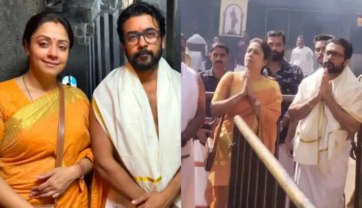 மூகாம்பிகை கோயிலில் சுவாமி தரிசனம் செய்த சூர்யா - ஜோதிகா ஜோடி!
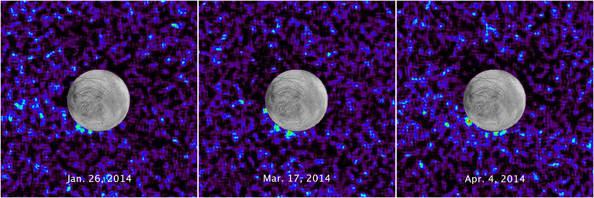O Telescópio Espacial Hubble espiou o que parecem ser nuvens de água em erupção a partir da superfície da lua Europa de Júpiter. Este satélite gelado pode abrigar um oceano de água líquida bem abaixo de sua superfície, e os cientistas pensam que o mar poderia ter os ingredientes certos para a vida. A NASA está planejando enviar uma sonda em órbita para estudar Europa na década de 2020.
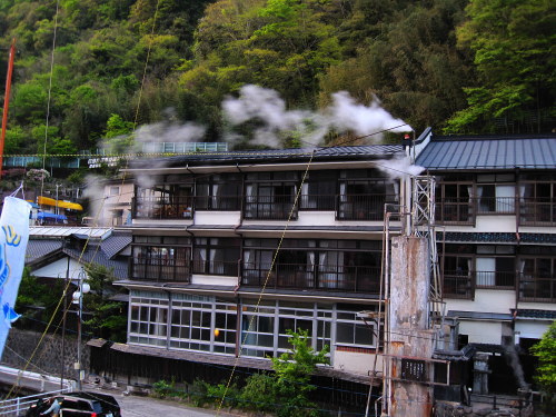 | 杖立温泉の旅館。あちらこちらから湯煙が上がっています。 |
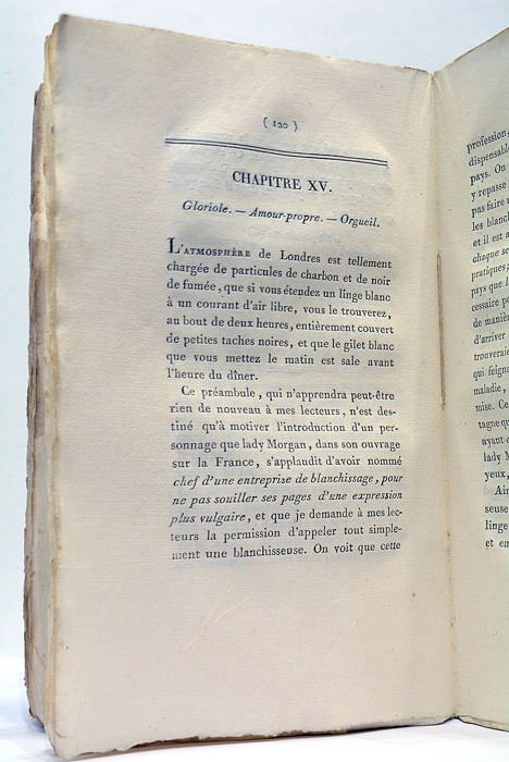 1 feuillet. 292 pages. (22x13 Cm). Broché. Couverture muette de l’époque. Plis et petits accrocs, Recueil de réflexions sur la société anglaise de l’époque, et sur le rôle de l’Angleterre sur la scène internationale. Un chapitre intitulé “Esclavage noir et blanc” discute notamment la question de l’esclavage dans les colonies, faisant valoir divers arguments à l’encontre des “amis des noirs”. Quelques traces de mouillures. Assez bon exemplaire non rogné.
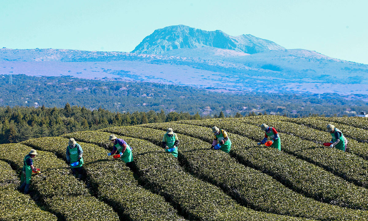 8일 제주 서귀포시 오설록농장 차밭에서 주민들이 한라산을 등지고 유기농으로 재배한 녹차 새순을 처음 수확하고 있다.
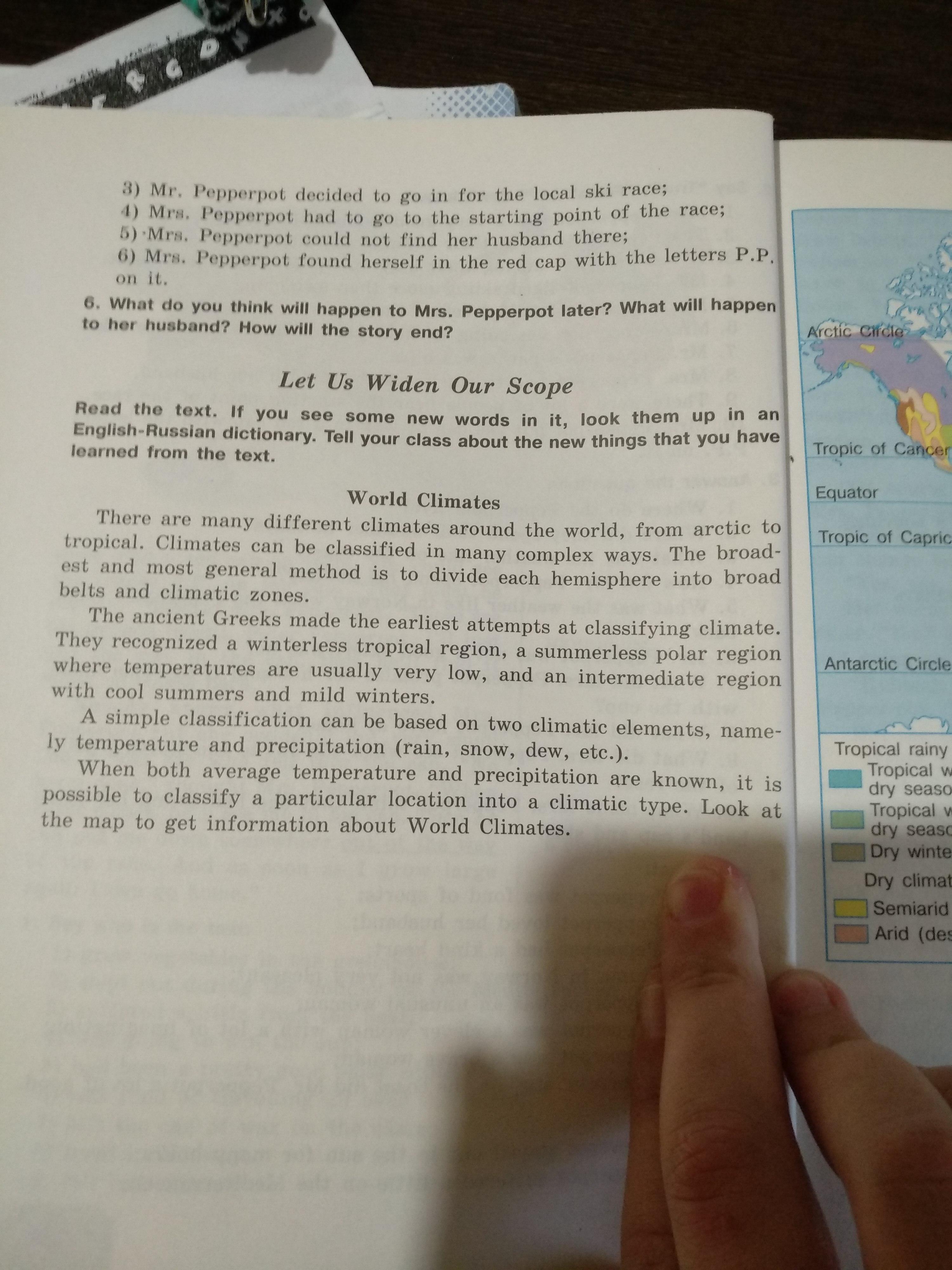Существует множество различных климатических условий по всему миру, от арктического до тропического. Климатические условия могут быть классифицированы многими сложными способами. Самый распространенный и самый общий метод состоит в том, чтобы разделить каждое полушарие на широкие пояса и климатические зоны. Древние греки предприняли самые ранние попытки классификации климата. Они узнавали тропический регион без зимы, полярный регион без лета, где температура обычно очень низкая, и промежуточный регион с прохладным летом и мягкой зимой. Антарктика простая классификация может быть основана на двух климатических элементах, названии температуры и осадков (дождь, снег, роса и др. ). Когда известны как средняя температура, так и осадки, можно классифицировать конкретное место по климатическому типу. Посмотрите на карту, чтобы получить информацию о мировом климате.
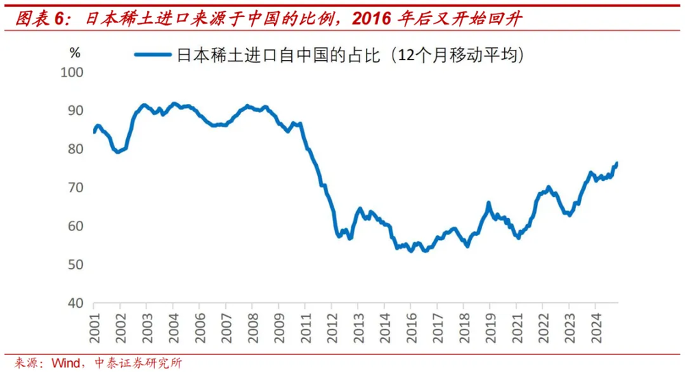 中国此前对日本的稀土禁运,也为美国提供了前车之鉴。2010年由于地缘争端,中国对日本实施稀土禁运。日本开始寻找稀土替代和发展精炼技术,但成效并不大。日本稀土进口来源于中国的比例,在历经五年下降后,又从2016年的低点53%左右,持续回升到2025年的75%左右。日本寻求降低对中国稀土依赖的曲折探索经验,也强化了目前中国所实施的稀土出口管制战略的正确性和威慑力。
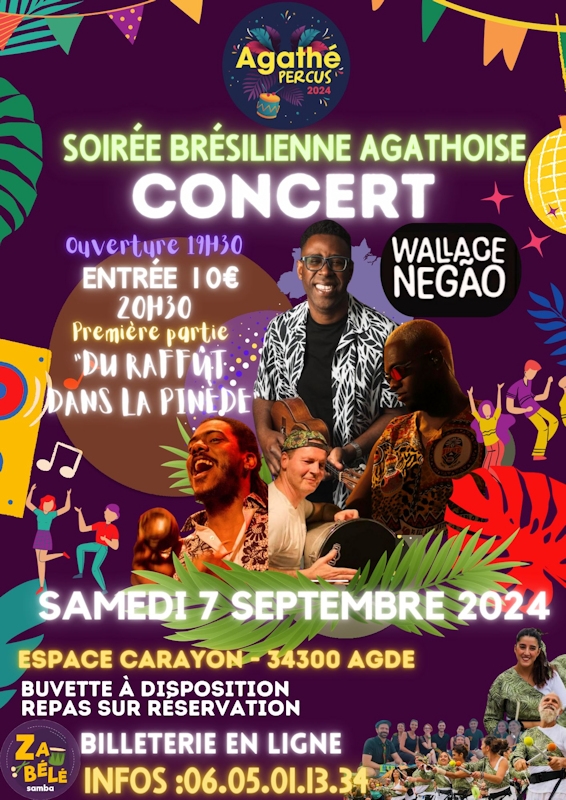 Soirée-concert 100% brésilienne avec en première partie le concert Pagode « Du Raffût dans la Pinède » suivi de « Wallace Negão ».

+ + + + +

Task details: Restate the full listing verbatim and drop every picture.

Written reply:
 மூகாம்பிகை கோயிலில் சுவாமி தரிசனம் செய்த சூர்யா - ஜோதிகா ஜோடி!
O Telescópio Espacial Hubble espiou o que parecem ser nuvens de água em erupção a partir da superfície da lua Europa de Júpiter. Este satélite gelado pode abrigar um oceano de água líquida bem abaixo de sua superfície, e os cientistas pensam que o mar poderia ter os ingredientes certos para a vida. A NASA está planejando enviar uma sonda em órbita para estudar Europa na década de 2020.
 | 杖立温泉の旅館。あちらこちらから湯煙が上がっています。 |
 1 feuillet. 292 pages. (22x13 Cm). Broché. Couverture muette de l’époque. Plis et petits accrocs, Recueil de réflexions sur la société anglaise de l’époque, et sur le rôle de l’Angleterre sur la scène internationale. Un chapitre intitulé “Esclavage noir et blanc” discute notamment la question de l’esclavage dans les colonies, faisant valoir divers arguments à l’encontre des “amis des noirs”. Quelques traces de mouillures. Assez bon exemplaire non rogné.
 8일 제주 서귀포시 오설록농장 차밭에서 주민들이 한라산을 등지고 유기농으로 재배한 녹차 새순을 처음 수확하고 있다.
Существует множество различных климатических условий по всему миру, от арктического до тропического. Климатические условия могут быть классифицированы многими сложными способами. Самый распространенный и самый общий метод состоит в том, чтобы разделить каждое полушарие на широкие пояса и климатические зоны. Древние греки предприняли самые ранние попытки классификации климата. Они узнавали тропический регион без зимы, полярный регион без лета, где температура обычно очень низкая, и промежуточный регион с прохладным летом и мягкой зимой. Антарктика простая классификация может быть основана на двух климатических элементах, названии температуры и осадков (дождь, снег, роса и др. ). Когда известны как средняя температура, так и осадки, можно классифицировать конкретное место по климатическому типу. Посмотрите на карту, чтобы получить информацию о мировом климате.
 中国此前对日本的稀土禁运,也为美国提供了前车之鉴。2010年由于地缘争端,中国对日本实施稀土禁运。日本开始寻找稀土替代和发展精炼技术,但成效并不大。日本稀土进口来源于中国的比例,在历经五年下降后,又从2016年的低点53%左右,持续回升到2025年的75%左右。日本寻求降低对中国稀土依赖的曲折探索经验,也强化了目前中国所实施的稀土出口管制战略的正确性和威慑力。
 Soirée-concert 100% brésilienne avec en première partie le concert Pagode « Du Raffût dans la Pinède » suivi de « Wallace Negão ».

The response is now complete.